Dirnberger: Es liegt an uns, das alles bestmöglich zu transportieren. Mir ist wichtig zu betonen, dass jeder eine Wahlkarte beantragen kann, der noch nicht gewählt hat – vor allem dann, wenn man verhindert, krank ist oder das Wahllokal nicht betreten will. Jene, die schon vorher eine Wahlkarte beantragt haben und diese noch nicht abgegeben haben, müssen diese verwenden. Sie bekommen keine neue und alle Wahlkarten müssen vor Wahlschluss bei der Wahlbehörde unterschrieben abgegeben werden. Die Stimmen jener, die schon am vorgezogenen Wahltag oder per Wahlkarte gewählt haben, werden alle am 28. Juni mitausgezählt.
NL: Droht in der Summe eine Wahl, die niemanden mehr so richtig interessiert? Wird die Wahlbeteiligung sinken?
Dirnberger: Die Gefahr ist groß, dass die Wahlbeteiligung sinkt. Deswegen muss man allen sagen, dass das ein demokratisches Recht und eigentlich auch eine Pflicht ist. Der hingeht, der entscheidet.

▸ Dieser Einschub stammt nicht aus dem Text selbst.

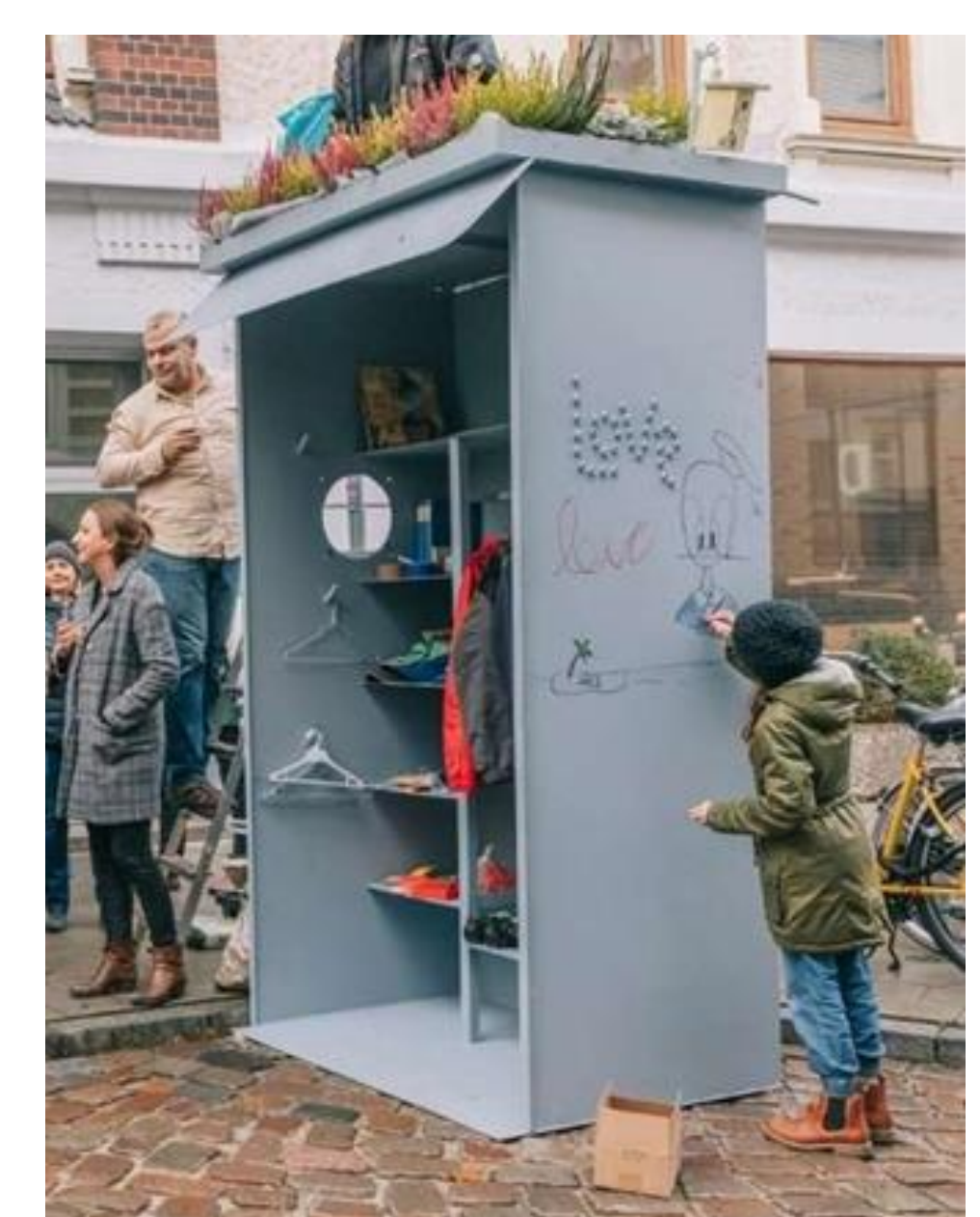
Abb. 4 Tauschbörse

Damit die Ideen umgesetzt werden, wird auf der Johannes-Kraatz-Straße ein verkehrsberuhigter Bereich entstehen. Da diese Straße eine wichtige Feuerwehrezufahrt ist, wird dieser Bereich nicht physisch von der Straße abgetrennt. Durch ein Schild und Pylonen ist es trotzdem möglich, den Bereich für Autos zu sperren und gleichzeitig die Fluchtwege freizuhalten. Fahrräder dürfen die Straße weiterhin ohne Einschränkung nutzen. Der Erfolg dieser Maßnahme ist essentiell, um Umgestaltung der Straße durchzuführen.

NL: Spielt das Thema Gemeindezusammenlegung bei dieser Wahl noch eine Rolle?
Dirnberger: Vereinzelt vielleicht schon, aber in den allermeisten Gemeinden, so auch in meiner, ist das schon positiv erledigt. Wo der Wille zur Zusammenarbeit da ist, funktioniert es.
Zur Person
Seit 30 Jahren ist Erwin Dirnberger (62) Bürgermeister. Von 1990 bis 2015 stand er an der Spitze der Gemeinde St. Johann-Köppling. Dann kam es zur freiwilligen Fusion mit Söding, seither leitet er die Fusionsgemeinde Söding-St. Johann. Seit 1996 ist der Landtagsabgeordneter und seit dem Jahr 2007 Präsident des Steiermärkischen Gemeindebundes.